A級・杉本優太、女子級・谷みいな、B級・今城貴仁が戴冠
文部大臣賞 第70回 全日本アマチュアポケットビリヤード選手権大会@名古屋・名東スポーツセンター
各級優勝者。左からA級・杉本優太、女子級・谷みいな、B級・今城貴仁
11月5日(日)は『文部大臣賞 第70回全日本アマチュアポケットビリヤード選手権大会』、通称アマローテの決勝日。既に前日会場に集まった約400名は半数以下にまで絞られている。

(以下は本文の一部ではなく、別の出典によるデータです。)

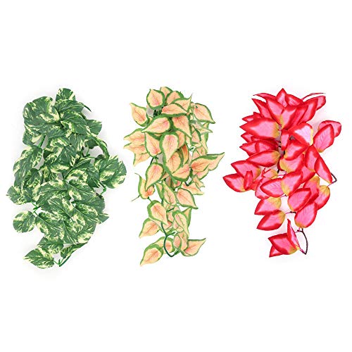 PACKAGE INCLUDED: 3pcs 12 inch hanging reptile plant with suction cup,excellent for reptile decorations,reptile habitat vegetation,terrarium hanging plant,snake terrarium vegetation and aquarium fish tank decoraitons
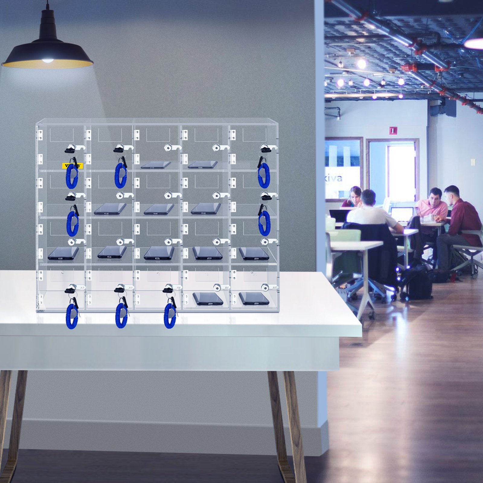 Ormarić za pohranu mobitela, 20 pretinaca izrađenih od akrilnog materijala s bravama i ključevima, zidni ormarić, džepni ured, učionica, teretana, kutija, prozirni
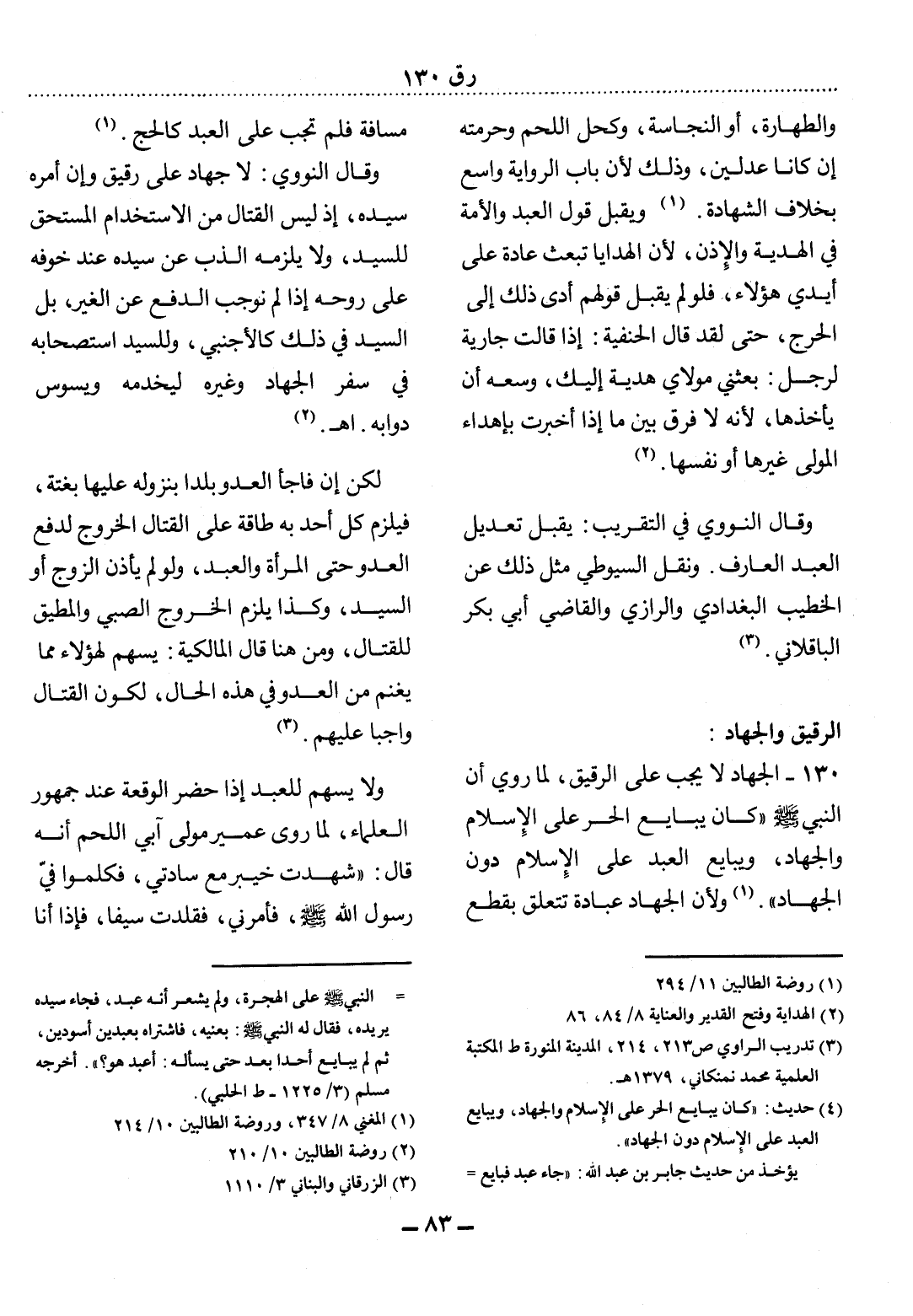 130 - الْجِهَادُ لاَ يَجِبُ عَلَى الرَّقِيقِ، لِمَا رُوِيَ أَنَّ النَّبِيَّ صَلَّى اللَّهُ عَلَيْهِ وَسَلَّمَ كَانَ يُبَايِعُ الْحُرَّ عَلَى الإِْسْلاَمِ وَالْجِهَادِ، وَيُبَايِعُ الْعَبْدَ عَلَى الإِْسْلاَمِ دُونَ الْجِهَادِ (4) . وَلأَِنَّ الْجِهَادَ عِبَادَةٌ تَتَعَلَّقُ بِقَطْعِ

まずはB級から。勝者側から勝ち上がったのは広島の今城貴仁、敗者側からは勝者ベスト4で裏に回った大分の首藤洋助が3連勝で決勝の舞台へ。決勝は今城が首藤を57点に抑えて全国タイトル獲得だ。今城は球歴5年の22歳。広島にはあのレジェンドがいるのだから、これからは同じ舞台で更なる高みを目指して欲しい。
B級優勝・今城貴仁
B級2位・首藤洋助
B級3位・山野哲司
女子級では3連覇を目指す神奈川の坂田夕紀が順調に勝ち星を積み上げ、堂々勝者側から決勝に進む。そして迎えた対戦相手が、同じ車で名古屋入りした谷みいなだった。大会3連覇か、アマ全国タイトル連勝か。注目の決勝は坂田が⑧からの残り3球を上がり切れずにプレーオフへ。

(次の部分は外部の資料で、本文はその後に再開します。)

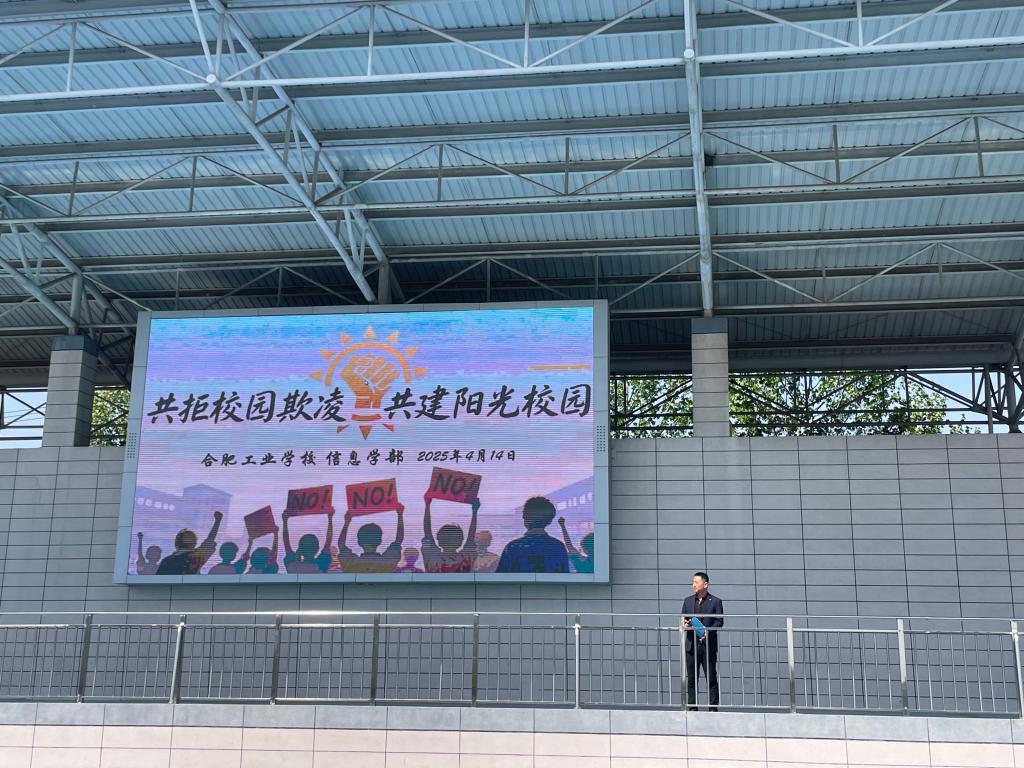 23高职7班学生代表刘思锴上台发言,以“拒绝欺凌,做温暖守护者”为主题,呼吁同学们从自身做起:“面对欺凌,沉默即是纵容;面对受困者,援手即是光芒。我们要学会尊重差异、换位思考,让每一个同学都能在校园里感受到平等与关爱。”他的发言引发全场共鸣,掌声此起彼伏。
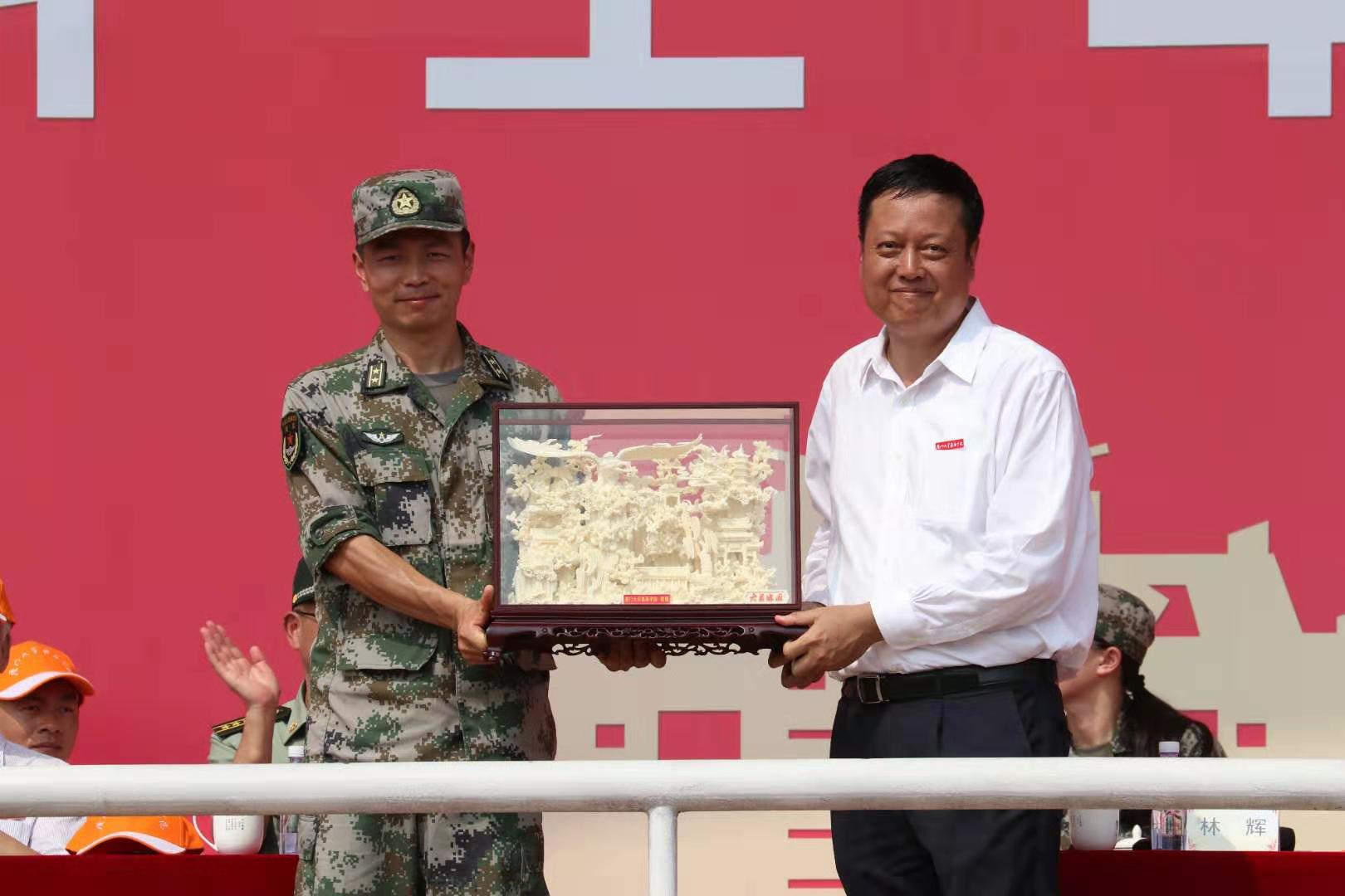 林辉代表学院感谢承训部队对本次军训的大力支持,并向承训部队赠送纪念品。
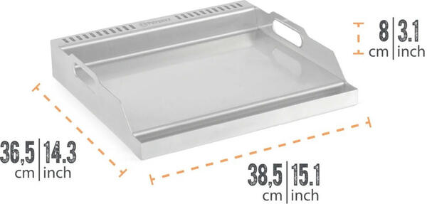 Доповнення до газової плити Petromax, що дозволяє готувати барбекю в іспанському стилі a la plancha. Працює у комплекті з плитою Petromax Gas Table будь-якого розміру (на одну чи дві конфорки). На сталевій планчі можна професійно готувати делікатеси і у власному саду, і в подорожах — адже плиту Petromax Gas Table створено передовсім для пересувної кухні. Це гарне рішення для кемпінгу, дачі, рибальства, автоподорожей.
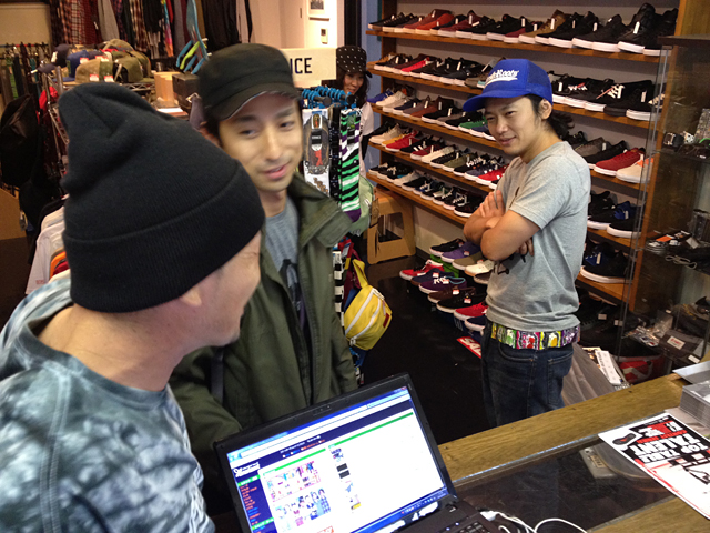 でね、やっぱりこのシーズンはスケートボーダーがわさわさしてくるのでありますよ。先日、浦安ではまったく約束なしにクマ、マサ、ワッチョのinstantsが鉢合わせ。ご縁があるね。さすがだ。会えばスケートの話しばかりではありますが、そういうのがいいね。ショップはそういう情報交換の場でありたい。ライダー同士じゃなくてもさ、初めてコンプリート揃える人に別のお客さんがパーツ選びのアドバイスをしてたり、バックヤードが忙しいとライダーがカウンターに立っててお客さんのセッティングの相談に乗ってたり、ま、インスタントはずっとそういうショップです。

プレーオフももつれて坂田が⑧を入れて83-83とタイに戻したものの、⑨に出せず。谷が敗者側11連勝で大会初優勝を飾った。「敗者側に回ってからは自分がどのあたりにいるのかわからぬまま、一つ一つの試合をするのに精一杯で、気が付いたら決勝でした! 1日に11試合というのはおそらく初めてですごく楽しかったし、疲れました。優勝出来てとても嬉しいです!」とは谷のコメント。十代後半でしかあり得ない勢いで強くなっている谷。全日本選手権での活躍に期待したい。
女子級優勝・谷みいな
女子級2位・坂田夕紀
女子級3位・河内恵里
A級では連覇を目指した静岡の渡邊覚が勝者4回戦で敗者側に回ってしまう。渡邊はそこから4つ勝ったが、敗者9回戦で終了となってしまった。ちなみに優勝まではあと6勝が必要だった計算になる。佐賀国スポ記念大会に勝った神奈川の林武志は勝者ベスト4まで進むも大阪の吉岡保俊に敗れ、敗者側で1勝したものの石川の杉本優太に敗れてアマ全国タイトル連勝はならなかった。
そして、決勝では林に土を付けた2人が対峙することに。昨日の記事にも書いたが、吉岡は2019年にも勝者側から決勝へ進んで連敗を喫している。実は杉本も2018年に勝者側から勝ち上がったものの、干場修に連敗してタイトルを逃していたのだ。筆者も含めたJAPA運営チームは皆そのことを知っていたから、今年のA級決勝に関しては「どちらにも勝って欲しい」という微妙な心境だった。
A級優勝・杉本優太
A級2位・吉岡保俊
A級3位・吉喜隆一
決勝は接戦を杉本が制してプレーオフへ。そして、杉本が116-152と勝利へ近づいた⑧からがこの試合のハイライトだった。コンビで⑪を入れて163点とした杉本だったが、⑧を隠してしまいファウル。しかしこの時、⑬がセンタースポットを埋めていて、吉岡は手球センターをコール出来ない。吉岡は現状から⑧-⑮のサイドコンビを狙ったが決まらず。杉本、この緊張した場面でロングの⑧をしっかり沈め、悲願だった全国タイトルをようやく手中に収めた。
大会ハイラン賞・田中裕也
「ホントに嬉しいです!やっと、やっとです!」とコメントしてくれた杉本。男子A級の表彰写真で、これほどの満面の笑顔に出会えるのも珍しい。吉岡は今回も決勝で涙を飲むことになったが、9月にはマスターズに勝ったのだ。この秋はJAPAにとって西日本から二人の新タイトルホルダーが誕生した歴史的な季節として記憶に残るだろう。なお大会ハイラン賞は168点を叩き出した元名人位、大阪の田中裕也が獲得した。
今年のJAPAタイトル戦はこれで終了。新シーズンは1月末から第32期球聖戦と第15期女流球聖戦がスタートする。